TDD Antipatterns

(font is brianne's hand)

James Carr enlisted a group of fellow travelers to define a list of TDD Antipatterns, errors in judgement common in TDD practice. He provided an initial list for us to base our work on, and did a very fine job of filtering out the duplicates and near-duplicates, providing catchy names, and writing up the result. Note that his list is longer than ours since we have a terseness constraint. Read the full list.

I wish I had thought of it first.

  • The Liar is a test that runs, but does not test what it claims to test. It could be named after a class, but actually be testing another. The test might be called ShouldNotThrowExceptionsForPositiveValues, but actually use the natural numbers less than 5. Liars give a false sense of security.
  • Excessive Setup is common when the architecture is badly coupled and mocking is not well-used. This is often evidence of insufficient pre-factoring. A little dependency injection and a little interface use can go a long way.

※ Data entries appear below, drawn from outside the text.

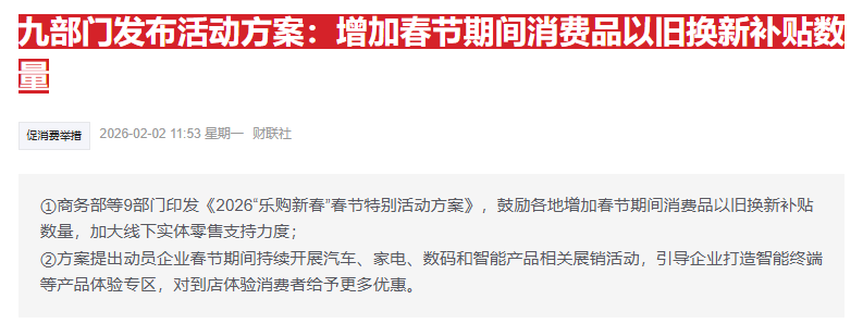 商务部等9部门印发《2026“乐购新春”春节特别活动方案》,鼓励各地增加春节期间消费品以旧换新补贴数量,加大线下实体零售支持力度。
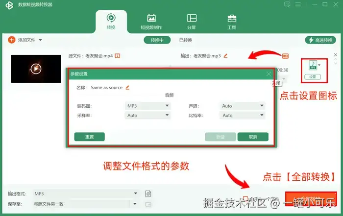 步骤3:在格式转换界面中,点击MP4转换MP3列表中的设置图标,调整文件格式的参数,然后点击【全部转换】即可。
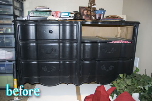 This one requires even more imagination. Brie at Darling Doodles had a big, empty entryway and was determined to do something about it. She liked a certain entryway bench she saw in a magazine, but for $299, she knew she could do better. She ended up saving $279 and Frankensteined one herself with plywood and some old tables parts that were headed to the dump! I think it looks sturdy and sharp and even better than the $299 version.
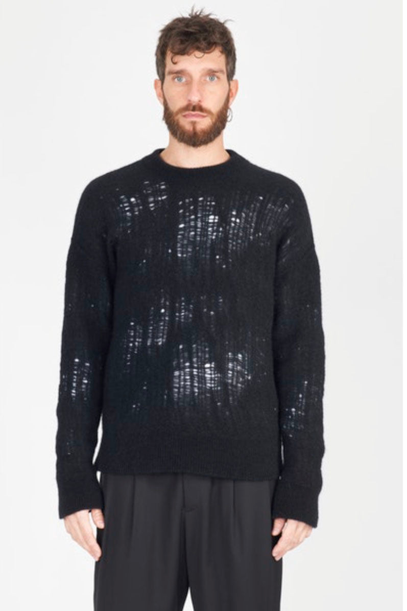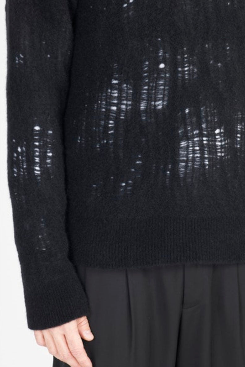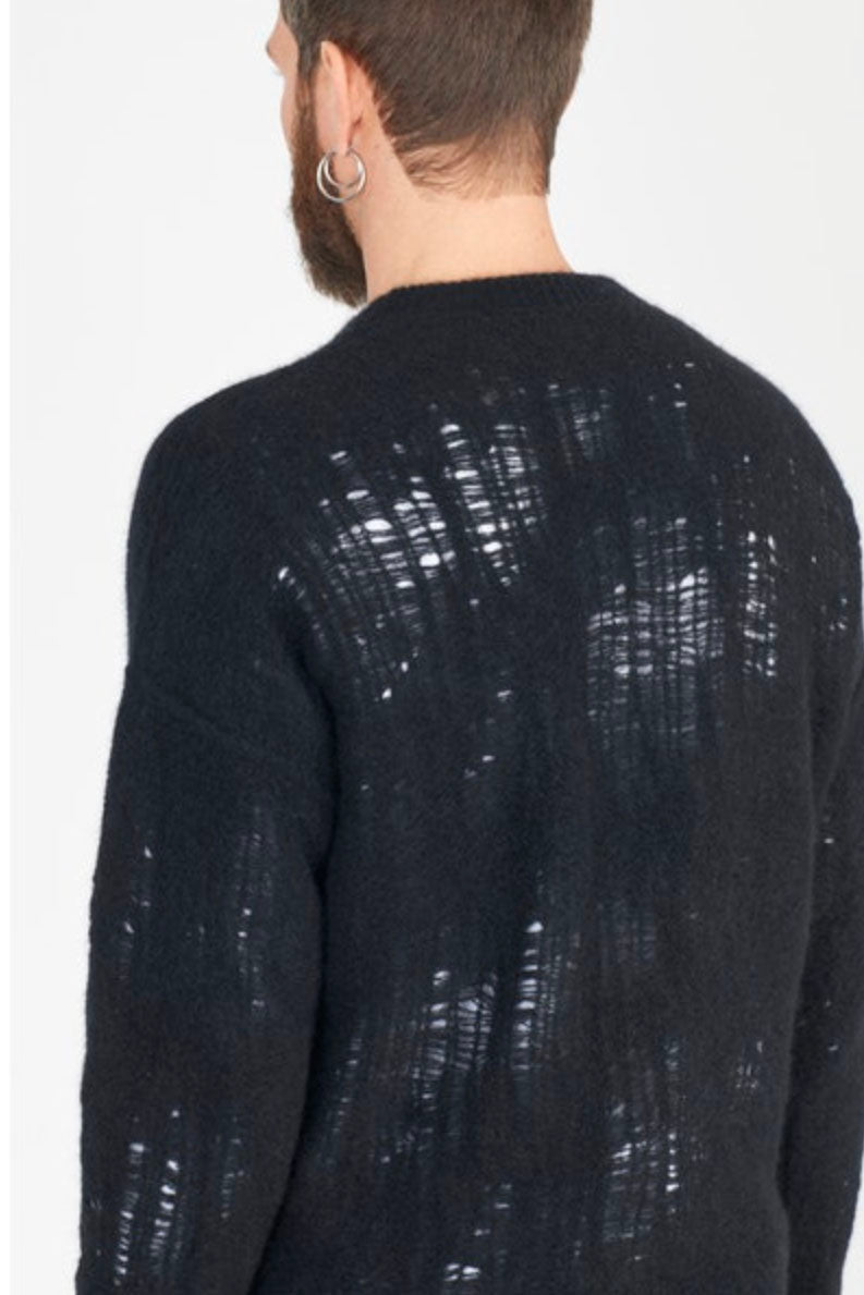 Round neck. Long sleeves. Distressed detailing throughout. Textural effect throughout.
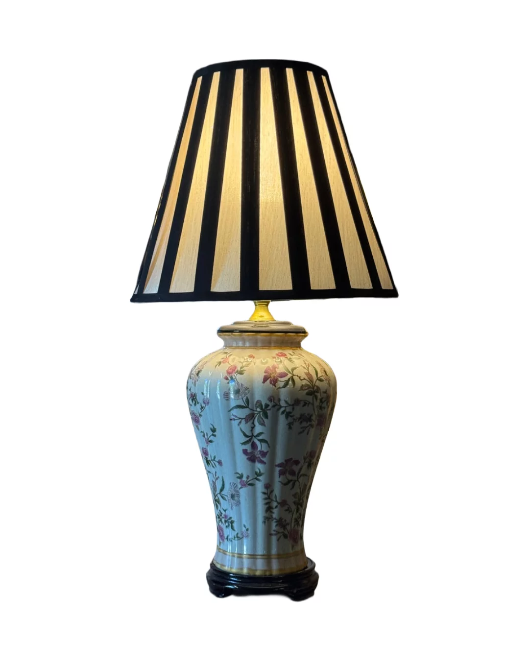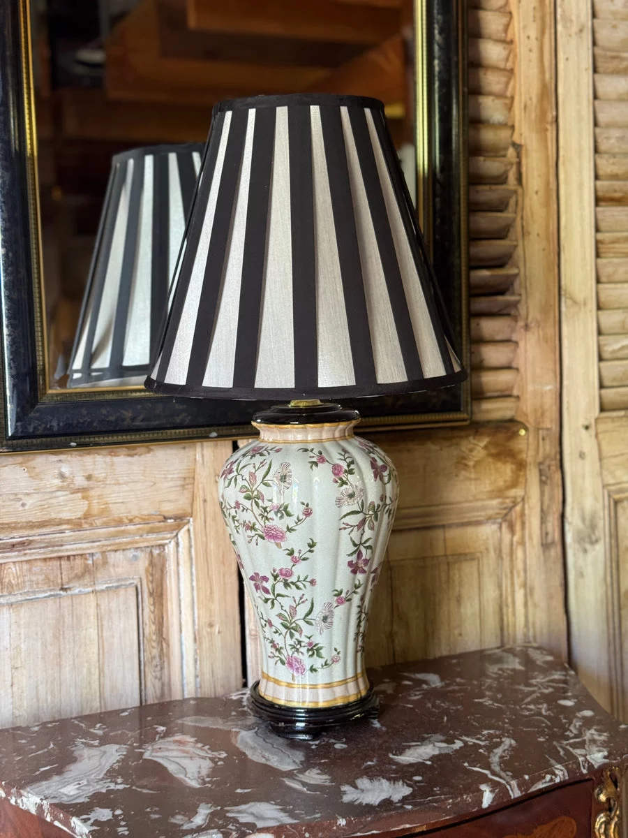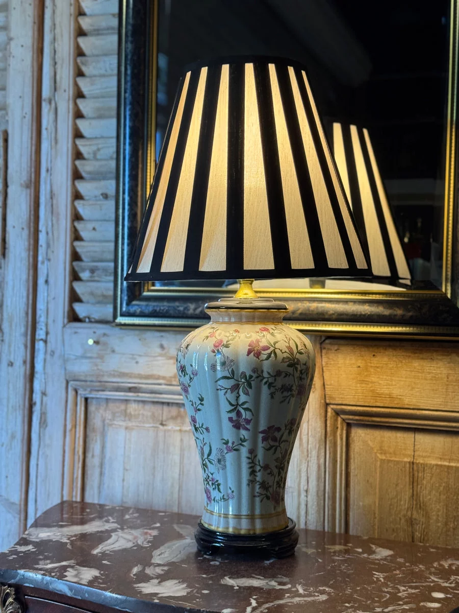 Pre-owned & Refurbished VINTAGE - Floral Ceramic Table Lamp with Black and White Striped Shade | Collecte
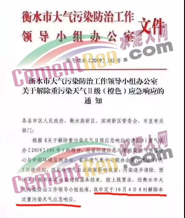 據(jù)水泥人網(wǎng)消息,衡水市大氣污染防治工作領(lǐng)導(dǎo)小組辦公室發(fā)布《關(guān)于解除重污染天氣II級(橙色)應(yīng)急響應(yīng)的通知》稱,根據(jù)《關(guān)于解除重污染天氣II級應(yīng)急響應(yīng)的通知》(冀氣領(lǐng)辦【2019】195號(hào))的精神,經(jīng)省環(huán)境應(yīng)急與重污染天氣預(yù)警中心與中國環(huán)境監(jiān)測總站、省環(huán)境氣象中心聯(lián)合會(huì)商,預(yù)計(jì)10月3日夜間起,西北冷空氣自北向南影響河北省,污染逐步清除。預(yù)計(jì)4日衡水市本次污染過程基本結(jié)束,按上級要求,經(jīng)衡水市大氣污染防治工作領(lǐng)導(dǎo)小組批準(zhǔn),衡水市定于10月4日8時(shí)解除本次重污染天氣應(yīng)急響應(yīng)。 原文如下:
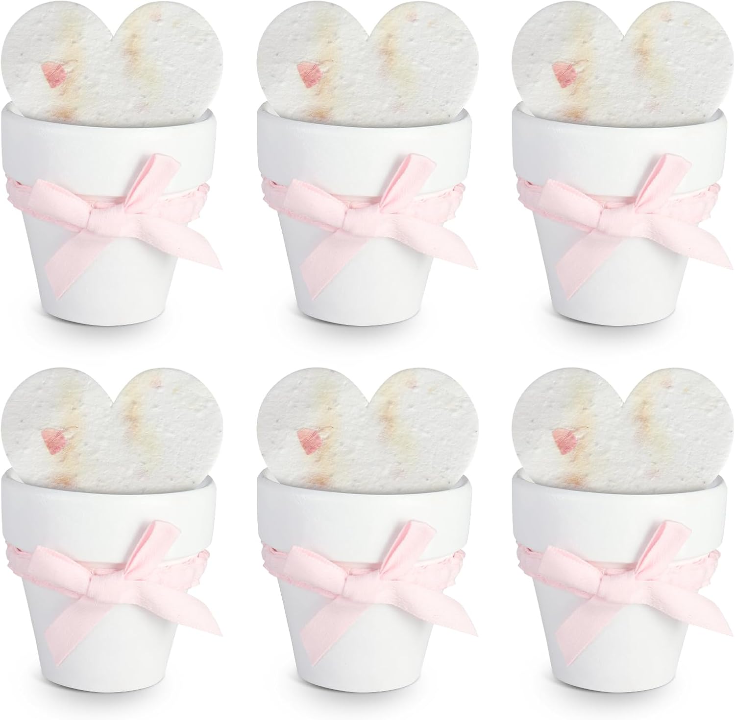 - Set of 6: Includes 6 pink heart seed paper, 6-mini pots with pink bow. Each heart is 2.85" x 2.5", and each pot is 1.5" x 2.5", ideal for pots, gardens, or outdoor spaces.
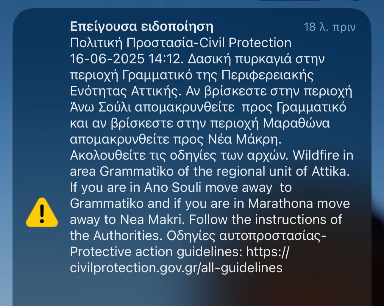 Μηνύματα μέσω του 112 εστάλησαν σε πολίτες που βρίσκονται στο Άνω Σούλι Μαραθώνα και στον Μαραθώνα προκειμένου να απομακρυνθούν προς Γραμματικό και Νέα Μάκρη αντίστοιχα.
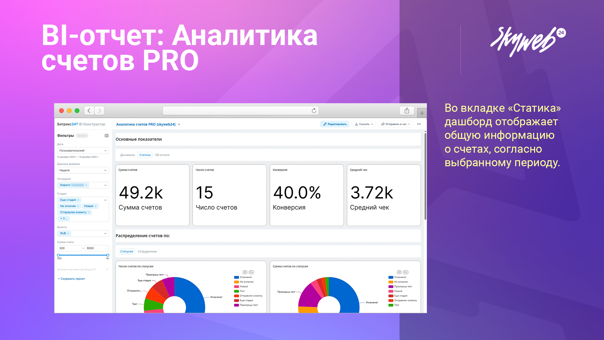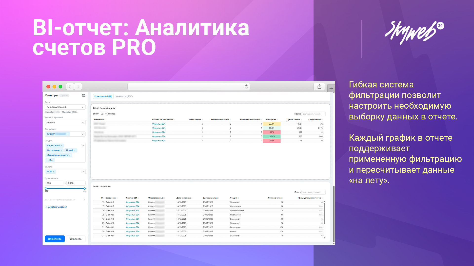 • Умные фильтры: настройка по дате, сотруднику, стадии, валюте и сумме счетов.
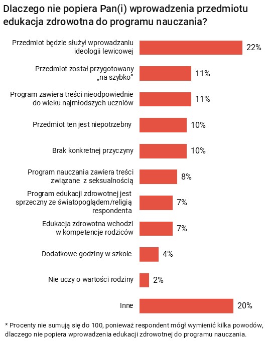 Wśród osób sprzeciwiających się edukacji zdrowotnej, najczęściej pojawiającym się argumentem jest obawa przed ideologicznym charakterem zajęć – taką opinię wyraża 22 proc. przeciwników. Uważają oni, że przedmiot może być wykorzystywany do promowania poglądów politycznych lub światopoglądowych, zwłaszcza o orientacji lewicowej.
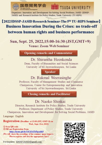 TU-RIPS第5回セミナー(「人権と社会」第3回)「Business Innovation during Crises in Sri Lanka: no trade-off between human rights and business performance」
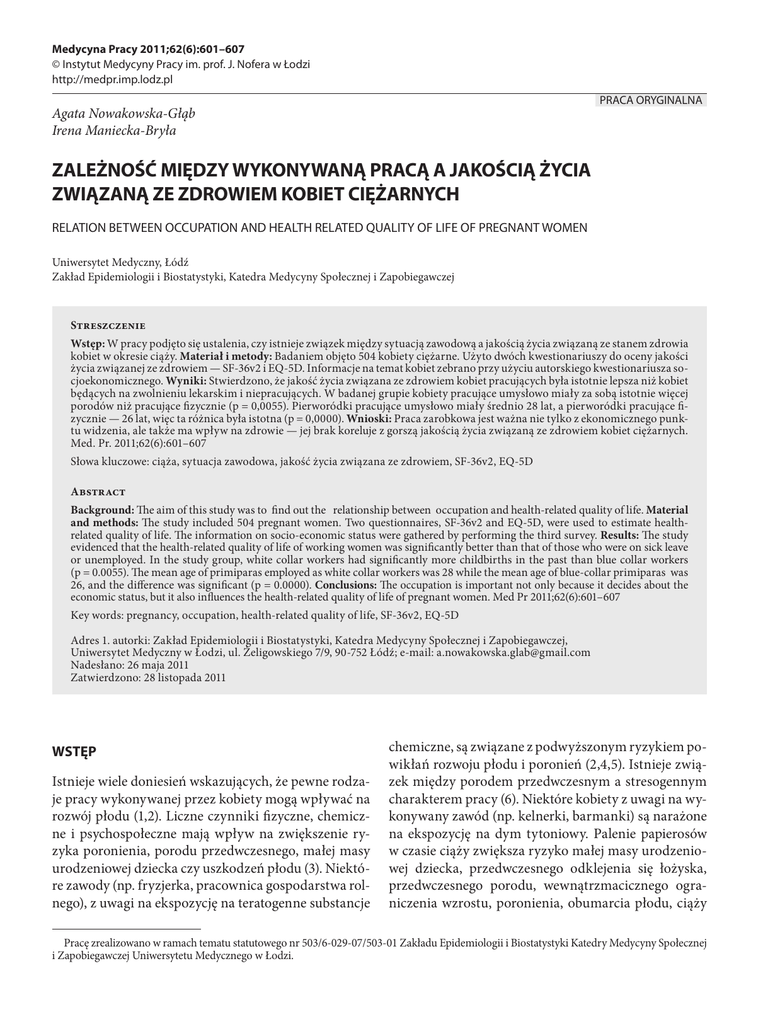 Medycyna Pracy 2011;62(6):601–607 © Instytut Medycyny Pracy im. prof. J. Nofera w Łodzi http://medpr.imp.lodz.pl PRACA ORYGINALNA Agata Nowakowska-Głąb Irena Maniecka-Bryła ZALEŻNOŚĆ MIĘDZY WYKONYWANĄ PRACĄ A JAKOŚCIĄ ŻYCIA ZWIĄZANĄ ZE ZDROWIEM KOBIET CIĘŻARNYCH RELATION BETWEEN OCCUPATION AND HEALTH RELATED QUALITY OF LIFE OF PREGNANT WOMEN Uniwersytet Medyczny, Łódź Zakład Epidemiologii i Biostatystyki, Katedra Medycyny Społecznej i Zapobiegawczej Streszczenie Wstęp: W pracy podjęto się ustalenia, czy istnieje związek między sytuacją zawodową a jakością życia związaną ze stanem zdrowia kobiet w okresie ciąży. Materiał i metody: Badaniem objęto 504 kobiety ciężarne. Użyto dwóch kwestionariuszy do oceny jakości życia związanej ze zdrowiem — SF-36v2 i EQ-5D. Informacje na temat kobiet zebrano przy użyciu autorskiego kwestionariusza socjoekonomicznego. Wyniki: Stwierdzono, że jakość życia związana ze zdrowiem kobiet pracujących była istotnie lepsza niż kobiet będących na zwolnieniu lekarskim i niepracujących. W badanej grupie kobiety pracujące umysłowo miały za sobą istotnie więcej porodów niż pracujące fizycznie (p = 0,0055). Pierworódki pracujące umysłowo miały średnio 28 lat, a pierworódki pracujące fizycznie — 26 lat, więc ta różnica była istotna (p = 0,0000). Wnioski: Praca zarobkowa jest ważna nie tylko z ekonomicznego punktu widzenia, ale także ma wpływ na zdrowie — jej brak koreluje z gorszą jakością życia związaną ze zdrowiem kobiet ciężarnych. Med. Pr. 2011;62(6):601–607 Słowa kluczowe: ciąża, sytuacja zawodowa, jakość życia związana ze zdrowiem, SF-36v2, EQ-5D Abstract Background: The aim of this study was to find out the relationship between occupation and health-related quality of life. Material and methods: The study included 504 pregnant women. Two questionnaires, SF-36v2 and EQ-5D, were used to estimate healthrelated quality of life. The information on socio-economic status were gathered by performing the third survey. Results: The study evidenced that the health-related quality of life of working women was significantly better than that of those who were on sick leave or unemployed. In the study group, white collar workers had significantly more childbirths in the past than blue collar workers (p = 0.0055). The mean age of primiparas employed as white collar workers was 28 while the mean age of blue-collar primiparas was 26, and the difference was significant (p = 0.0000). Conclusions: The occupation is important not only because it decides about the economic status, but it also influences the health-related quality of life of pregnant women. Med Pr 2011;62(6):601–607 Key words: pregnancy, occupation, health-related quality of life, SF-36v2, EQ-5D Adres 1. autorki: Zakład Epidemiologii i Biostatystyki, Katedra Medycyny Społecznej i Zapobiegawczej, Uniwersytet Medyczny w Łodzi, ul. Żeligowskiego 7/9, 90-752 Łódź; e-mail: [email protected] Nadesłano: 26 maja 2011 Zatwierdzono: 28 listopada 2011 WSTĘP Istnieje wiele doniesień wskazujących, że pewne rodzaje pracy wykonywanej przez kobiety mogą wpływać na rozwój płodu (1,2). Liczne czynniki fizyczne, chemiczne i psychospołeczne mają wpływ na zwiększenie ryzyka poronienia, porodu przedwczesnego, małej masy urodzeniowej dziecka czy uszkodzeń płodu (3). Niektóre zawody (np. fryzjerka, pracownica gospodarstwa rolnego), z uwagi na ekspozycję na teratogenne substancje chemiczne, są związane z podwyższonym ryzykiem powikłań rozwoju płodu i poronień (2,4,5). Istnieje związek między porodem przedwczesnym a stresogennym charakterem pracy (6). Niektóre kobiety z uwagi na wykonywany zawód (np. kelnerki, barmanki) są narażone na ekspozycję na dym tytoniowy. Palenie papierosów w czasie ciąży zwiększa ryzyko małej masy urodzeniowej dziecka, przedwczesnego odklejenia się łożyska, przedwczesnego porodu, wewnątrzmacicznego ograniczenia wzrostu, poronienia, obumarcia płodu, ciąży Pracę zrealizowano w ramach tematu statutowego nr 503/6-029-07/503-01 Zakładu Epidemiologii i Biostatystyki Katedry Medycyny Społecznej i Zapobiegawczej Uniwersytetu Medycznego w Łodzi. 602 A. Nowakowska-Głąb, I. Maniecka-Bryła pozamacicznej (7–10). Wykazano także wpływ wykonywanej pracy na zdolności reprodukcyjne mężczyzn. Z uwagi na 72-dniowy cykl spermatogenezy ekspozycja mężczyzn na czynniki ryzyka na kilka miesięcy przed zapłodnieniem ma wpływ na płód (11). Ekspozycja kobiet na substancje teratogenne ma największe znaczenie dla rozwoju płodu w okresie organogenezy, tj. między 3. a 8. tygodniem ciąży (3), jednak niebezpieczna jest także ekspozycja na kilka miesięcy przed zapłodnieniem. Długoterminowa ekspozycja na różne czynniki w miejscu pracy może powodować nieodwracalne zmiany fragmentów DNA komórek, a część substancji, np. pestycydy, akumuluje się w tkance tłuszczowej. Wpływ długoterminowej ekspozycji nie był dotąd dokładnie zbadany (1). Warto zaznaczyć, że większość pracujących kobiet jest w okresie rozrodczym (12), a 70% wszystkich uszkodzeń płodu ma nieznane uwarunkowania (3). Niezwykle ważne są więc badania nad czynnikami związanymi z rodzajem wykonywanej pracy przez kobiety i ich wpływem na rozwój płodu. Celem pracy było ustalenie, czy istnieje związek między wykształceniem, statusem zawodowym i charakterem pracy wykonywanej przez kobiety ciężarne a jakością życia mierzoną stanem zdrowia kobiet w ciąży i liczbą przebytych porodów. MATERIAŁ I METODY Badanie zostało przeprowadzone w grupie 257 pacjentek hospitalizowanych między 21 lipca 2009 a 19 maja 2010 r. w Klinice Medycyny Matczyno-Płodowej i Ginekologii Instytutu Centrum Zdrowia Matki Polki w Łodzi (będącej ośrodkiem stopnia 3+ referencyjności) oraz wśród 247 pacjentek będących pod opieką Poradni Ginekologiczno-Położniczej Szpitala im. dr. L. Rydygiera w Łod

This is also common when programmers give in to the urge to test software "in context." One hopes that when they get to the assert they'll remember what scenario they were testing.
  • The Giant is a single test that tests more than a single scenario. It may have excessive setup, but then follow with a large number of manipulations and assertions. It may test entire subsystems. Adding a new assertion requires a programmer to reverse-engineer his way through the Giant to find an assertion insertion point, and requries the programmer to exercise care to not leave side-effects that will cause the last half of the Giant to fail. Giants are ticklish and hard to understand.
  • The Mockery is a real piece of work. A pair/team/programmer has actually replaced the system under test with a test double. The test proves only that the mocks worked as expected.
  • Generous Leftovers are left behind by tests that dont clean up after themselves and cause later tests to fail when run in the suite but not when run in isolation. The leftovers are typicall in static memory, on disk, in a database (for shame!) or some other persistent store. When leftovers are found, it's often puzzling whose they are, and what they are.
  • Local Hero is a test that runs well, and tests a system well, but only passes on the author's machine or network. Being environmentally-sensitive, such tests fail for peers and CI systems. Typical failures involve hardcoded paths, locally-installed libraries, and OS-specific assumptions.
  • The Loudmouth is a test that produces copious output. It is like the boor at the party who thinks every trivial event in his live is worthy of an epic tale. At one time, the loudmouth's story may have been worth hearing, but now it's just idle chatter that gets in the way of a real conversation with more interesting guests/tests.
  • The Secret Catcher is a test that seems to do nothing at all, but is secretly (implicitly) depending on any errors to produce exceptions. The fact that the code executed without exception is expected to evidence that the code works. These tests can eventually be reverse-engineered by every programmer on the team. Failure of the test always results in code spelunking, an unpopular passtime.
  • The Hidden Dependency is a test that secretly requires setup that is not present in the test itself. Perhaps it requires a certain data setup script, or a change in a configuration file, or another test to have already run with generous leftovers. Hidden Dependency tests are a special kind of evil.
  • The Stranger is a perfectly good test in a perfectly wrong place. It is not a liar, it's just not testing the same system (SUT) that the other tests are testing. Strangers don't cause problem except when you're looking for tests for class X and it's hiding among the tests for class Y.
  • Success Against All Odds is a test that will always pass, no matter what. Due to a series of missteps, the test won't fail even if the code is wrong. Often these turn into complicated indirect versions of "assert true == true" or "false == false". These can be a variation on Mockery or The Liar. It is likely that a test with Success Against All Odds was written as a green test, without ever having seen the "red" part of the Red->Green->Refactor loop.
  • The Slow Poke is a test that takes too long to run. If you have 15000 tests, and you want them to run in less than 45 seconds, you have a budget of 0.003 seconds per test. A five-second test will cause some irritation. A few 10-second tests will make people think twice about running the tests at all. A test that takes a minute is unlikely to ever be run by a programmer. Imagine what hell awaits the author of some of the three-to-ten minute monstrosities that exist in the wild! In a TDD shop, slow pokes cannot be tolerated. Note that many slow pokes are also Giants with Excessive Setup. Be warned.
Tim recommends that readers follow the link to the original article, which covers more territory than the index card can allow.

What is missing?

We have dozens more cards we can write and post, so were not running short on ideas even though we can be short on time to get them all written up. Still, I wonder, if you could pick the next card for me, what would you want it to be about? Is there an area we've not addressed at all? Topics of interest to you that might be interesting to others? Guest authors we should contact? I'm all ears.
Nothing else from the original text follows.